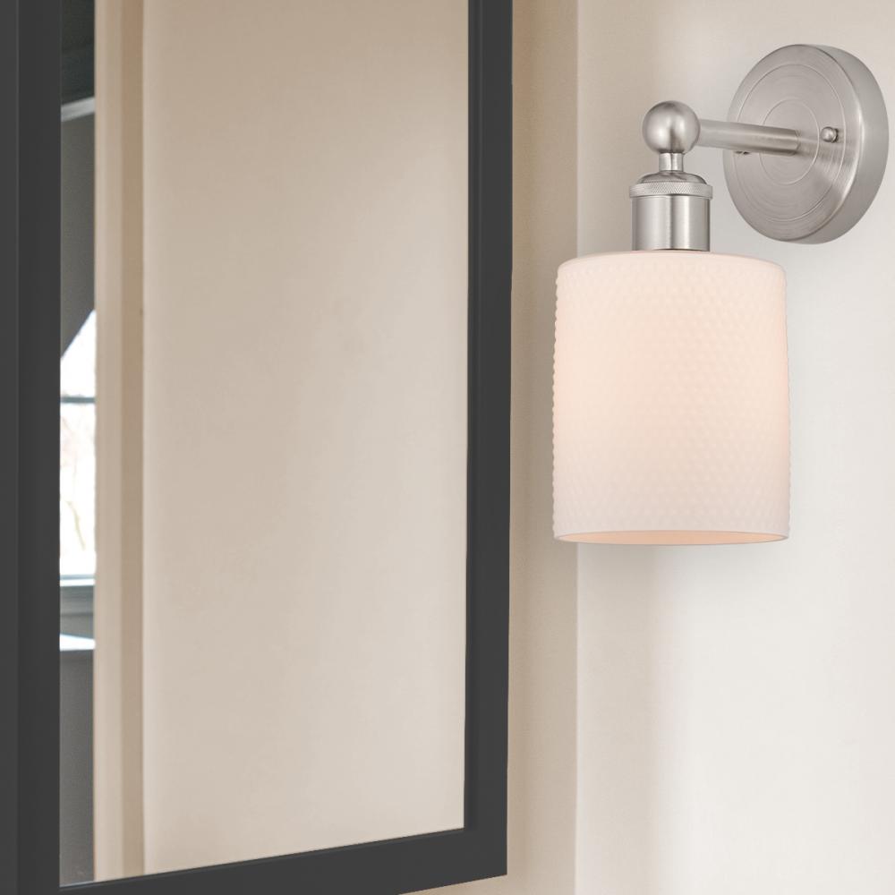 Cobbleskill - 1 Light - 5 inch - Brushed Satin Nickel - Matte White Shade - Sconce
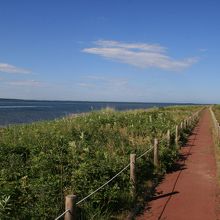 そのキャンプ場を通って海岸線に出ると、岬を一周できる遊歩道があります。一周20分位。人けはあまりありません。遊歩道の周りにはハマナスやいろいろな花が咲き、野鳥のさえずりも聞こえ、とても心地いい散歩が出来ます。
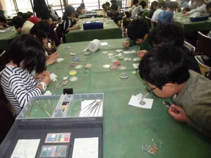 次々に自分だけのオリジナル作品が作り上げられていきます。子どもたちはどの色を使おうかと考えています。特別のビーズもうまく使い作品を作っている子どもたちもいました。

## Work instruction
All of the data above needs to be retyped exactly, with the pictures removed.

## Exercise answer
 Cobbleskill - 1 Light - 5 inch - Brushed Satin Nickel - Matte White Shade - Sconce
 そのキャンプ場を通って海岸線に出ると、岬を一周できる遊歩道があります。一周20分位。人けはあまりありません。遊歩道の周りにはハマナスやいろいろな花が咲き、野鳥のさえずりも聞こえ、とても心地いい散歩が出来ます。
 次々に自分だけのオリジナル作品が作り上げられていきます。子どもたちはどの色を使おうかと考えています。特別のビーズもうまく使い作品を作っている子どもたちもいました。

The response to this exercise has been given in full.